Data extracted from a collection
- - - - - - -
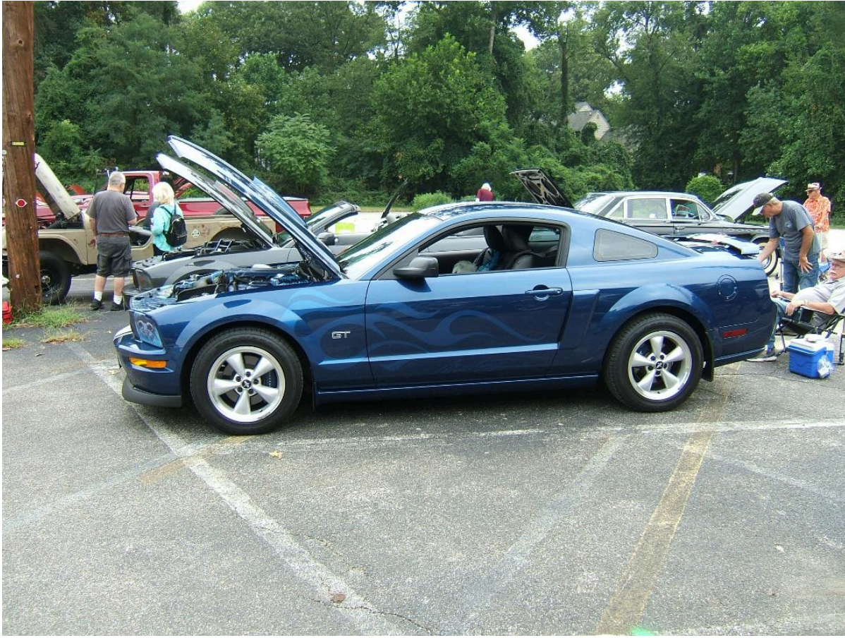
Glenn's '08 GT coupe

But then I checked the forecast first thing and found that there was no rain for that morning, and the thunderstorms would not roll in until after 1pm. Maybe if the Knights put their vote tabulating on speed dial we could get most of the show completed in dry weather. But before I pulled my Mustang out of the garage at 9am, the storm prediction was now moved to 3pm. Life was good! So I kicked myself a few times to get my head in the game once I realized that maybe, just maybe, this was going to be an okay show day!
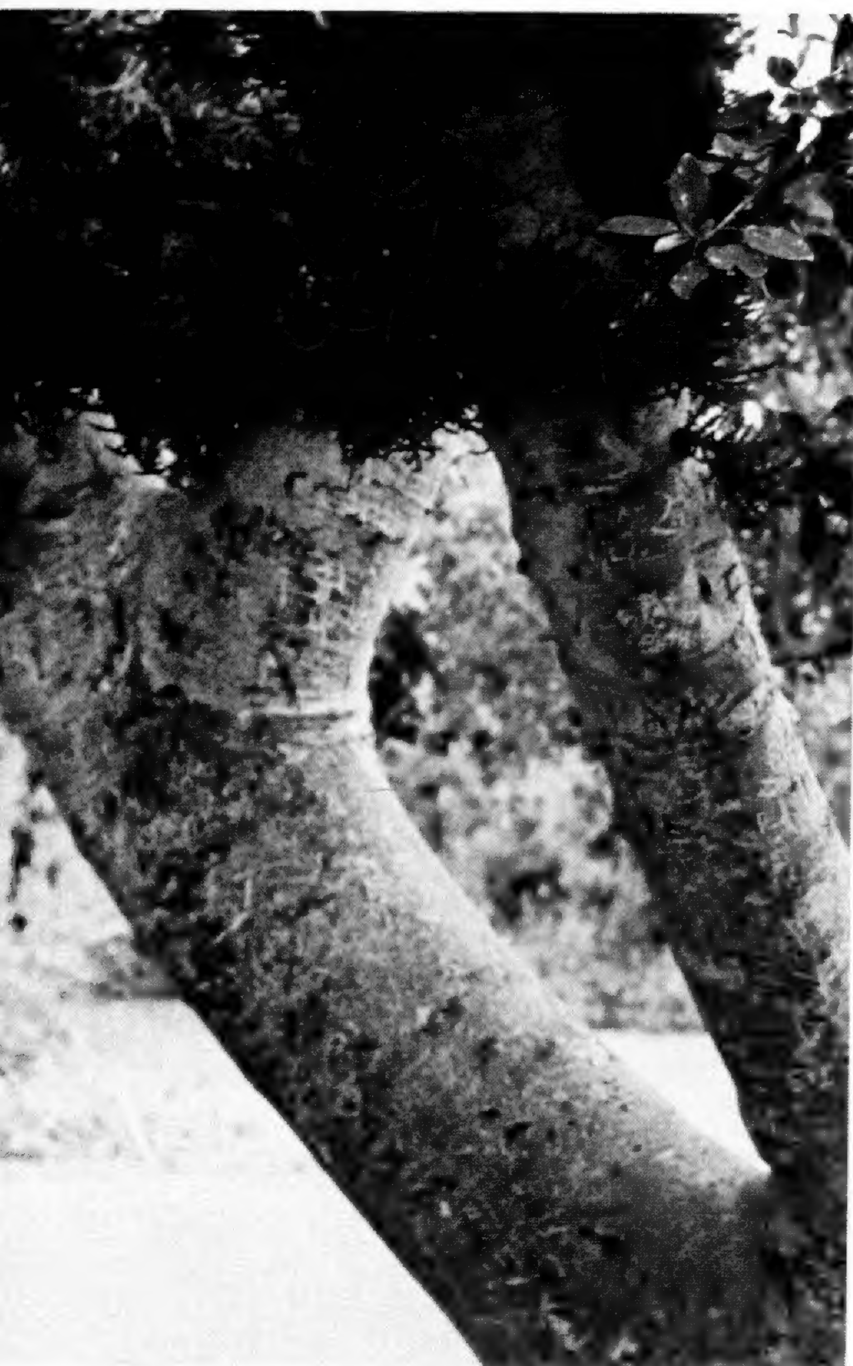
The stout branches of the sycamore fig ( Ficus sycomorus ) on Tallac Knoll are feathered with immature fruits that will never develop further because the wasp that pollinates them does not live in Southern California.

cultivar, F. benjamina 'Variegata,' which should be more widely grown because most of the leaves are cream with some green variegation or mottling. This makes for a very striking color contrast against the background of preponderant greens in the landscape.
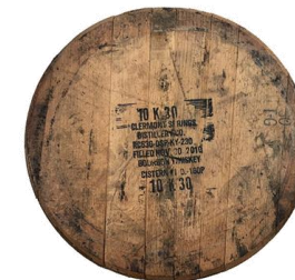
Heads and Bottoms Barrel Heads new or used, Plugs, Corks
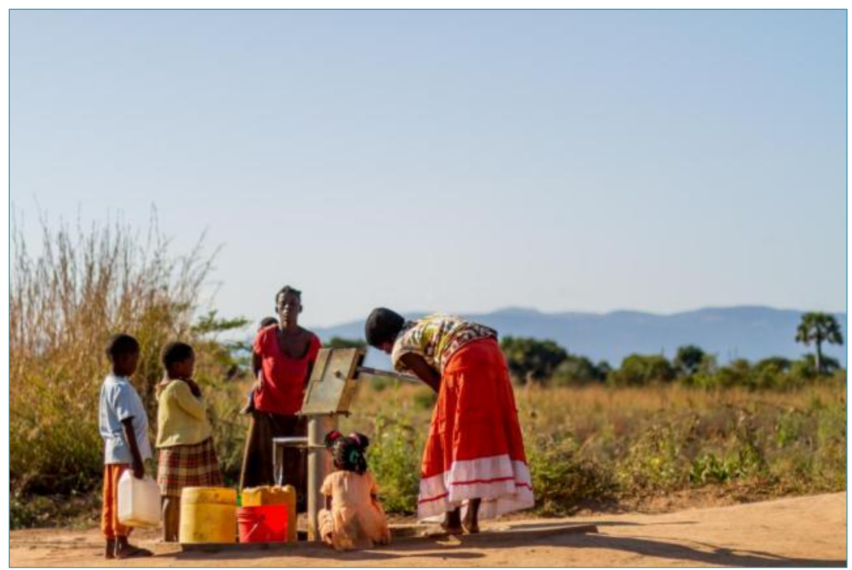
Villagers from Muleka Chiefdom draw water from Irish Aid funded Borehole Irish Aid, 2013
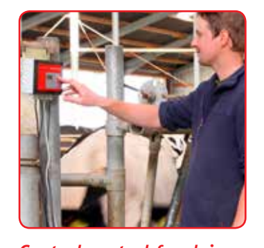
Central control for dairy farming.

The basis of low-pressure cooling is a very easy-to-install system of PVC lines and atomizing nozzles. The installation and arrangement of lines and nozzles is geared to individual conditions and air flow in the stable. Depending on the individual design, single, double or quadruple nozzles are used. Water pressure of at least 3.5 bar is sufficient for operation.
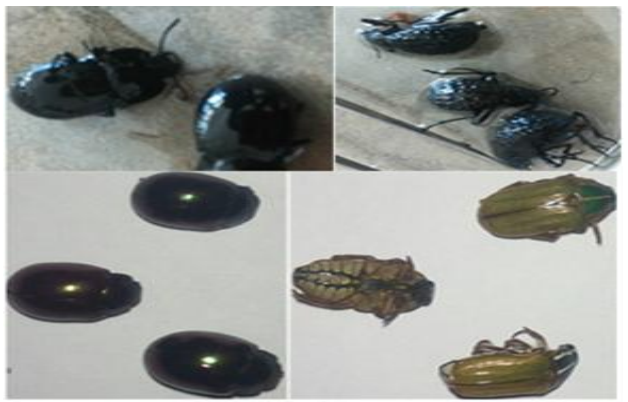
Figure 5: Some beetle species collected from MUST campus at Ikuti area

Sampling techniques which depend on insect activity, the abundance is influenced by activity, rather than density <sup>[12]</sup>. The beating sheet, hand collection and sweeping method collected a small number of beetles (Fig.5). This indicates that the data captured were influenced by the type of trap used. The large abundance of beetle individuals collected in pitfall trap is an indication of efficiency of this method although precaution should be taken when interpreting the results than for diversity because the trap can be influenced by the site and other factors. Additionally, the effectiveness of pitfall traps might be associated with the vegetation around the trap <sup>[13]</sup>. The pitfall traps captured most beetle specimens that move on the ground, for example, Pterostichus melanarius (Carabidae) was captured mainly in the pitfall traps. Furthermore, it is important to understand that the best sampling of beetles needs a combination of different trapping methods <sup>[12]</sup>.
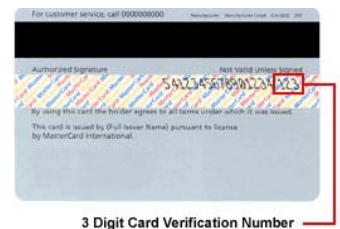
3 Digit Card Verification Number

All orders / postal address: (Please allow 5-7 days for processing and delivery)
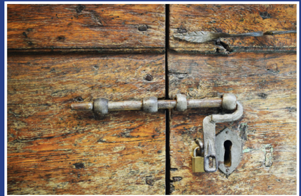
Tokarahi Church Final Service
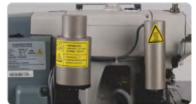
Automatic foot lifter device
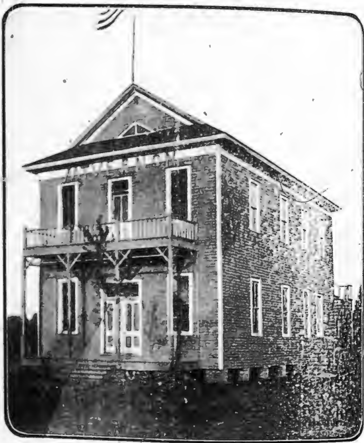
MOUNT VERNON HIGH SCHOOL.
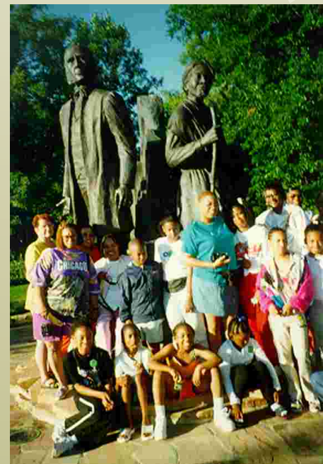
Monument Honoring Harriet Tubman

It's important for children to understand history, especially history that they might not be familiar with or that relates specifically to them. Of course, they need a healthy dose of entertainment to help the education go down. Our Soul Side of the Windy City Tour combines important historical and cultural sites like The DuSable Museum, The Defender Newspaper, the Ebony/Jet showcase and Jesse Owens' gravesite with Michael Jordan's statue, Oprah Winfrey's studio and R. Kelly's neighborhood. We also leave time for the young ladies to go shopping and the young men to play video games. Food? Of course! We have a couple of phenomenal Black establishments in our hip pocket that you can't miss.
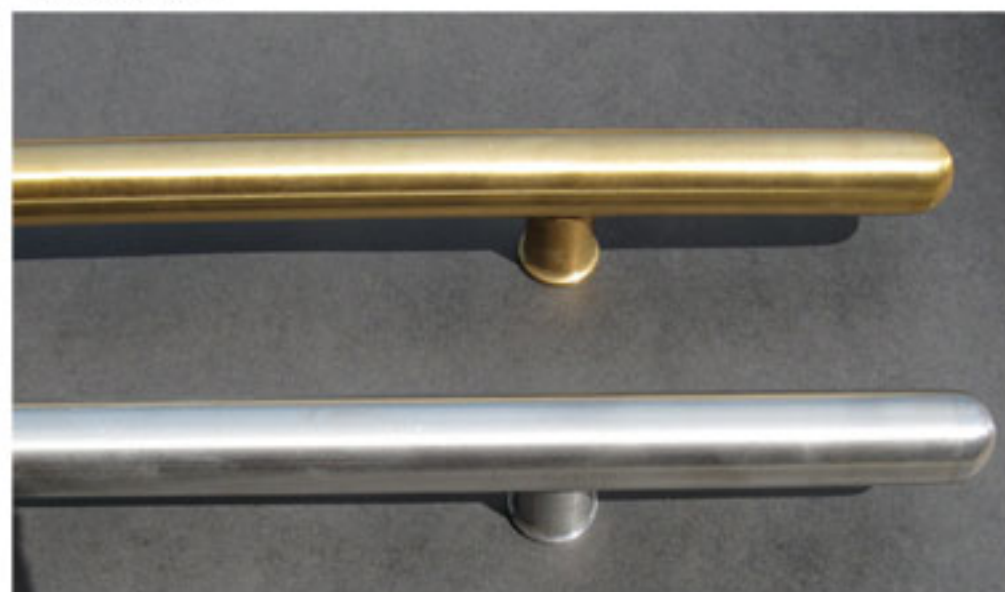
Stainless Steel or Brass Handrail
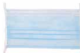
Face Masks, Procedural, with Earloops Item No. 1896

$5 43 - Compare to Benadryl Cream® - 1 oz
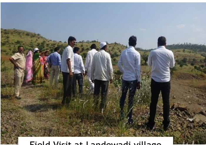
Field Visit at Landewadi village
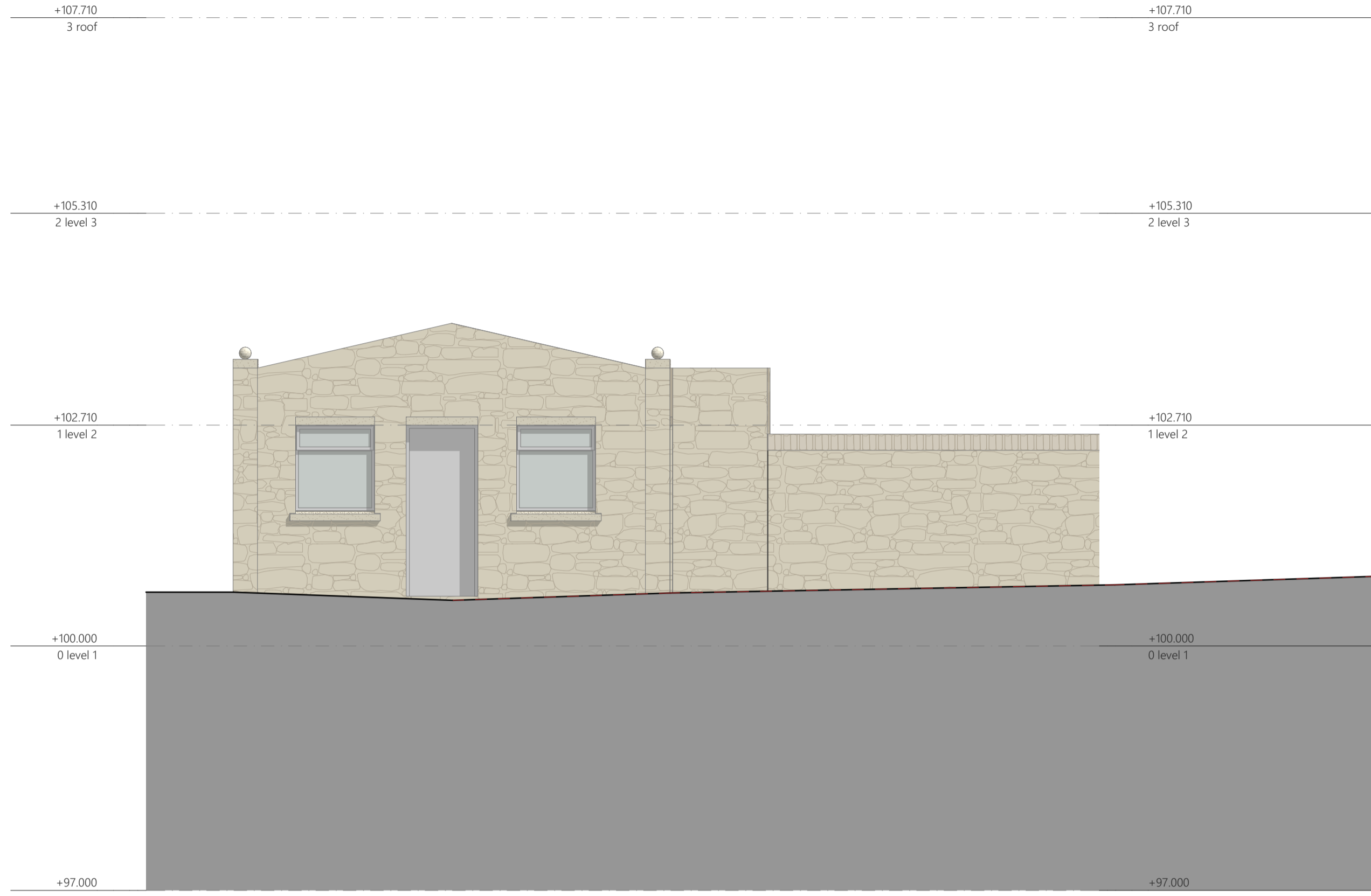
Existing Garage East Elevation 1:50

Note: Datum levels derived from AJ Horner survey information. Levels are arbitrary based on finished floor level of existing South Orchard House, value 100.00m.
- - - - - - -
▶ **WHAT IS BEING ASKED**: Only lines with the word "collected" are needed. Copy them from the preceding records.

▶ **RESPONSE FOR THIS EXERCISE**:
Figure 5: Some beetle species collected from MUST campus at Ikuti area
Sampling techniques which depend on insect activity, the abundance is influenced by activity, rather than density <sup>[12]</sup>. The beating sheet, hand collection and sweeping method collected a small number of beetles (Fig.5). This indicates that the data captured were influenced by the type of trap used. The large abundance of beetle individuals collected in pitfall trap is an indication of efficiency of this method although precaution should be taken when interpreting the results than for diversity because the trap can be influenced by the site and other factors. Additionally, the effectiveness of pitfall traps might be associated with the vegetation around the trap <sup>[13]</sup>. The pitfall traps captured most beetle specimens that move on the ground, for example, Pterostichus melanarius (Carabidae) was captured mainly in the pitfall traps. Furthermore, it is important to understand that the best sampling of beetles needs a combination of different trapping methods <sup>[12]</sup>.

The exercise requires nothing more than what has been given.